### Data shown
/---

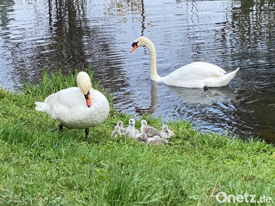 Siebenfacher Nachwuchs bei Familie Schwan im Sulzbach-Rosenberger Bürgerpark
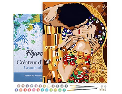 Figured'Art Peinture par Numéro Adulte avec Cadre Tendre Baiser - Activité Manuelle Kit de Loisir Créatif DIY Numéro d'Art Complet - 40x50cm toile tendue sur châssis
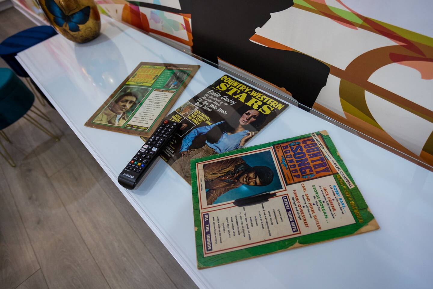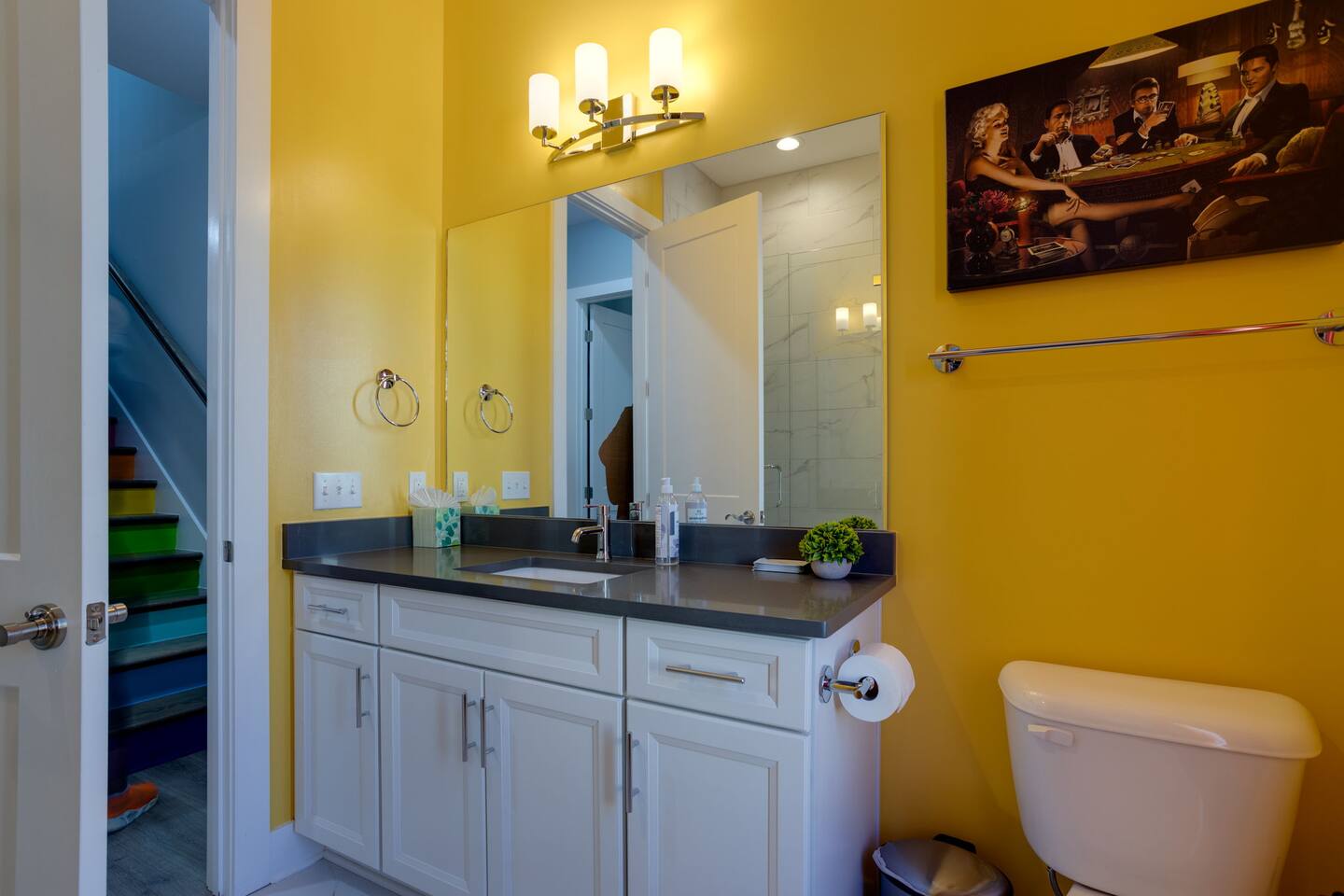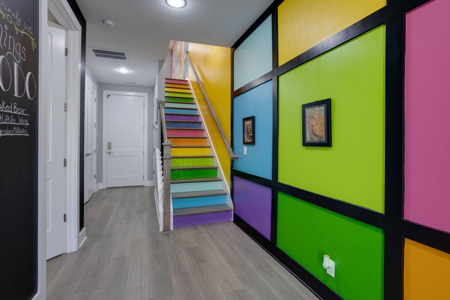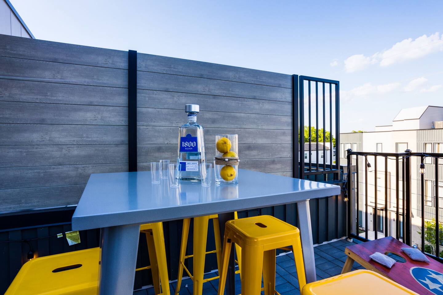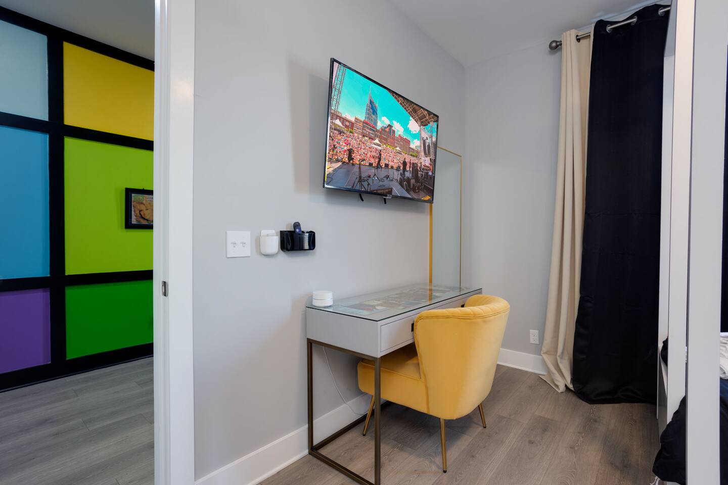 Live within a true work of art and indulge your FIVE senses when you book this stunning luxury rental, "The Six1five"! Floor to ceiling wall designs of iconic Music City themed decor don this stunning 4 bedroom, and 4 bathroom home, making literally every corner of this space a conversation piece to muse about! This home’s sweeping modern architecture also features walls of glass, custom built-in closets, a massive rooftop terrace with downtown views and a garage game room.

\---

### Task goal
Nothing but the lines from the beginning of the material through the line with "Figured'Art Peinture par" should appear, printed exactly, with no pictures among them.

### Answer to this exercise
 Siebenfacher Nachwuchs bei Familie Schwan im Sulzbach-Rosenberger Bürgerpark
 Figured'Art Peinture par Numéro Adulte avec Cadre Tendre Baiser - Activité Manuelle Kit de Loisir Créatif DIY Numéro d'Art Complet - 40x50cm toile tendue sur châssis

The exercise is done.